Photo by PETER KLAUNZER/POOL/AFP via Getty Images.
Botswana's First-Ever International Film Festival Steps into the Limelight
Botswana's film industry is having its moment. The Botswana International Film Festival debuted last night in Gaborone, bringing film professionals together and facilitating a bright future for the industry.
Promoting the nation's emerging film industry, the Botswana International Film Festival debuted on November 20th and will run till the 24th. Organized by the Ministry of Youth, Sports, Gender, and Culture, the festival aims to inspire creators to weave the narrative of Botswana, ensuring its stories are not only told but also preserved.
During a recent press briefing in Gaborone, Tebogo Matebesi, Deputy Permanent Secretary – Library Services, Archives, Arts, and Culture, emphasized the festival's role in breaking down silos within the filmmaking community. "We are going to capture our stories; hence, we want to unite everyone and have a launching pad for our creatives to tell our beautiful stories," Matebesi declared.

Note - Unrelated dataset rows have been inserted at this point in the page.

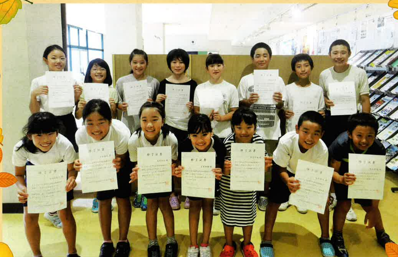
サマーボランティアスクール参加者の皆さん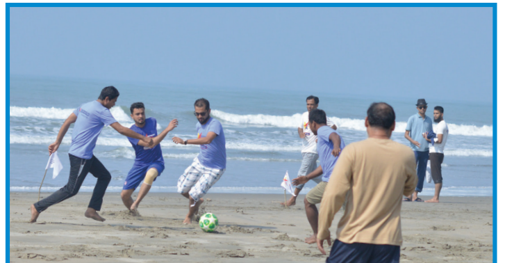
বিচ ফুটবল টুর্নামেন্ট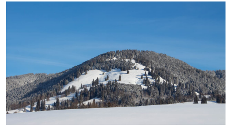
Winterwanderung - Altherrenweg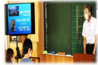
〈学校説明会の様子〉

「密」を回避するため、1日につき1学年の授業公開と学校説明会を行いました。今年度も学校と家庭の一層の連携・協働をお願いします。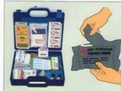
Пользуйтесь индивидуальными аптечками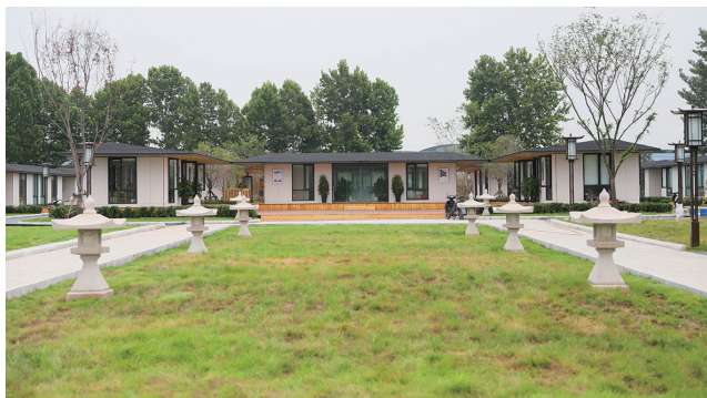
东方博物馆之都研学营地

约报名开展的天街研学课程免费体验;“越夜越有课”天街夜游赠课活动,在7月22日至9月17日,每日19:00至次日12:00,凡在天街研学营地住宿者,都赠送当晚课程;“周三折扣日”活动为今年8月至12月每周三,天街营地住宿及课程将实行八五折优惠。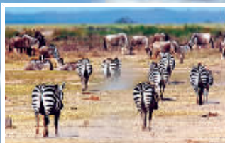
角马和斑马和平相处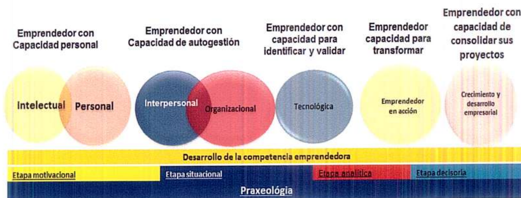
Ilustración 1. Dimensiones para el diseño de la formación en emprendimiento que hacen parte de la ruta de formación

Son cinco dimensiones los ejes que orientan el diseño de la propuesta formativa y se convierten en los elementos transversales y globales que potencian la consolidación de un perfil emprendedor. Estas dimensiones son: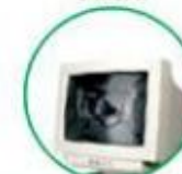
Tubi del televisore e schermi di tv, computer, monitor

abbiamo anche ragionato sugli errori da evitare quando dobbiamo differenziare i rifiuti in vetro perché non tutto ciò che sembra o assomiglia al vetro è riciclabile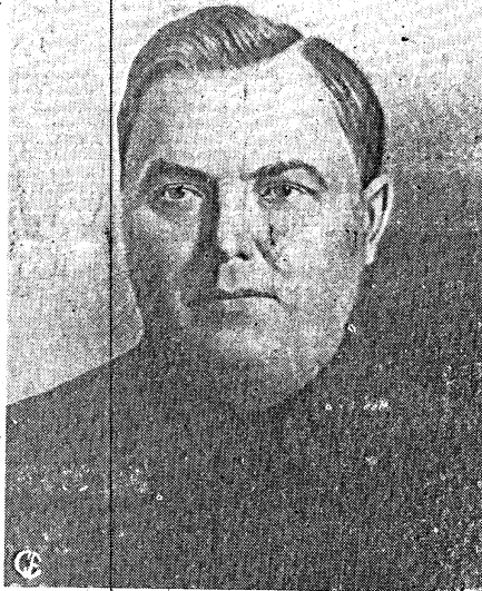
GEORGI M. MALENKOV, Presidente del Consejo de Ministros de la U.R.S.S.

En los cuatro meses transcurridos desde el fallecimiento de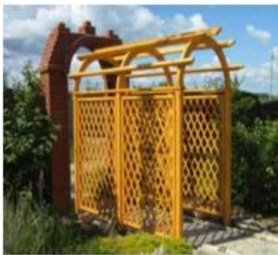
Мал. 9.1.8. Пергола

Высота пергол приймається 2,5–3 м, а ширина – в залежності от интенсивности пешеходного движения (обычно 2–3 м) или необходимости затенения участка территории. Мост или переход создается для сообщения между берегами рек, протоков, каналов, ручьев, оврагов, для обеспечения прохода на острова. В зависимости от назначения мосты могут быть из камня, дерева, реже кирпича, металла.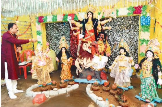
मनेन्द्रगढ़ के ग्राम बेलबहरा में विराजी मां दुर्गा।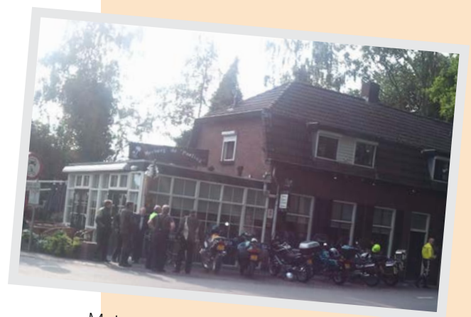
Majorcabar / Herberg de Poeling

Hoeveel appartementen bevinden zich in het flatje tegenover cafetaria 't pleintje?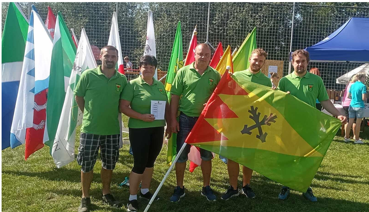
Zástupci obce na Podoubravském víceboji.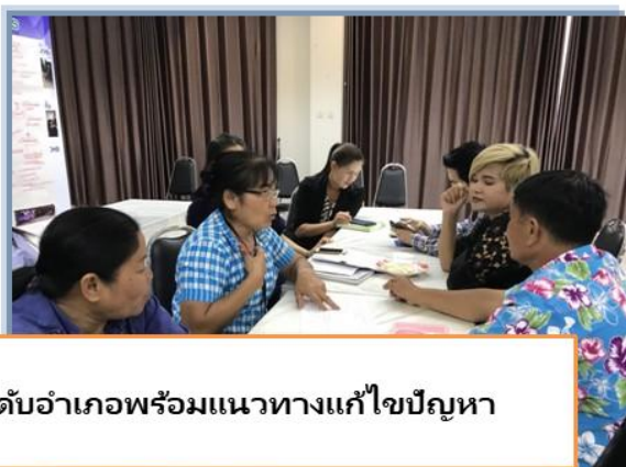
จัดลำดับความสำคัญของปัญหาระดับอำเภอพร้อมแนวทางแก้ไขปัญหา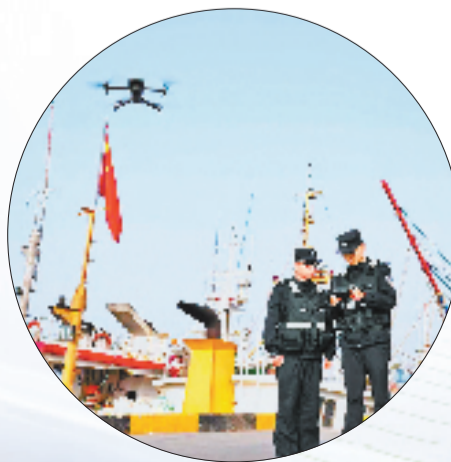
嵊泗公安用无人机进行智慧巡航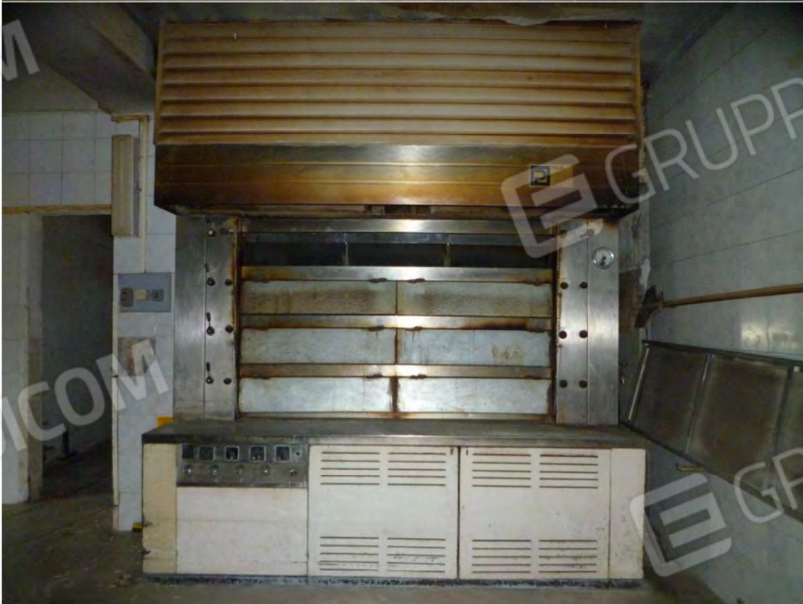
FOTO 9-10 forno a gasolio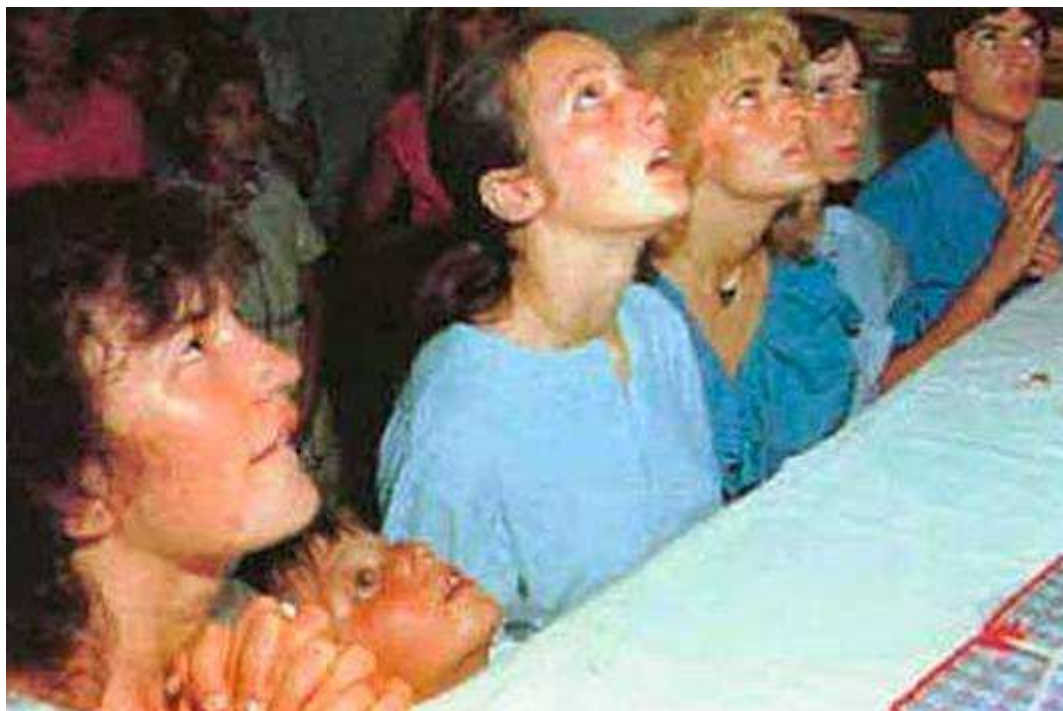
Vizionáři na začátku zjevení

Medžugorie - asi 1000 km od České republiky, je jedno místo v chorvatské části Bosny a Hercegoviny. Asi 20 km od starobylého Mostaru, je dnes jedno z největších poutních míst na světě, kde ročně statisíce lidí, věřících i nevěřících z celého světa, nacházejí radost, klid a mír do duše, úsměv na tvář, tělesná a duševní uzdravení, kde je prostě lidem dobře a pohodově, kde se ztrácí mezi lidmi různost jazyků, vzdělání a postavení, kde se 24. června 1981 zjevila a dále zjevuje 6 dětem – vizionářům, dnes již dospělým lidem, kteří mají své rodiny a žijí po celém světě, Matka Boží – Panna Maria.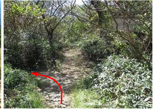
岸川分岐を左折する。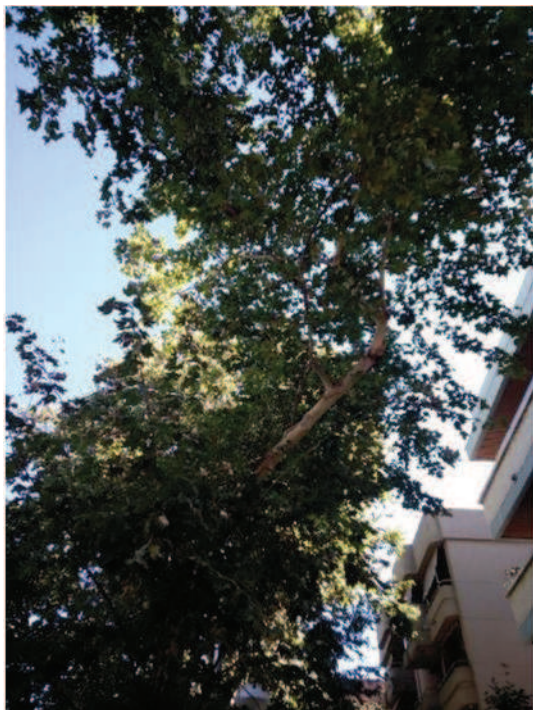
Vista del eje remanente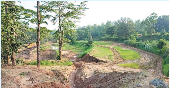
जोहार छत्तीसगढ़- धरमजयगढ़।

कहा वे धमकाते हैं कि तू हमारा क्या कर लेगा

The festival, beyond celebrating narratives and cinematic artistry, is designed to foster networking and collaboration among creatives, promoting healthy competition and growth within the industry. Creators showcasing their films at the festival will not only gain a platform for their work but also opportunities for collaboration, distribution, and funding.
"The festival will be used as a measure to see where the industry stands as a collective as we get to talk about the trends and how we can move together," explained Matebesi. Highlighting the economic benefits, he added, "After your work is seen, it will get to meet distributors as there is a plethora of opportunities and access to funding from people you will get to collaborate with."
Dean Molebatsi, Policy Specialist in Arts and Culture, underscored the festival's commitment to inclusivity. Capacitation workshops were conducted in 11 districts from May to July to ensure widespread participation beyond major towns and cities. Molebatsi sees the creative industry, along with its value chain, as a potential driver for diversifying the country's economy.
"We do not want to have only people in Gaborone or Francistown participating in this festival; hence, the countrywide workshops," Molebatsi stated. The festival, characterized by masterclasses, screening sessions, a film market, exhibitions, an awards ceremony, and a film showcase, marks a significant step in establishing Botswana's presence on the global cinematic stage.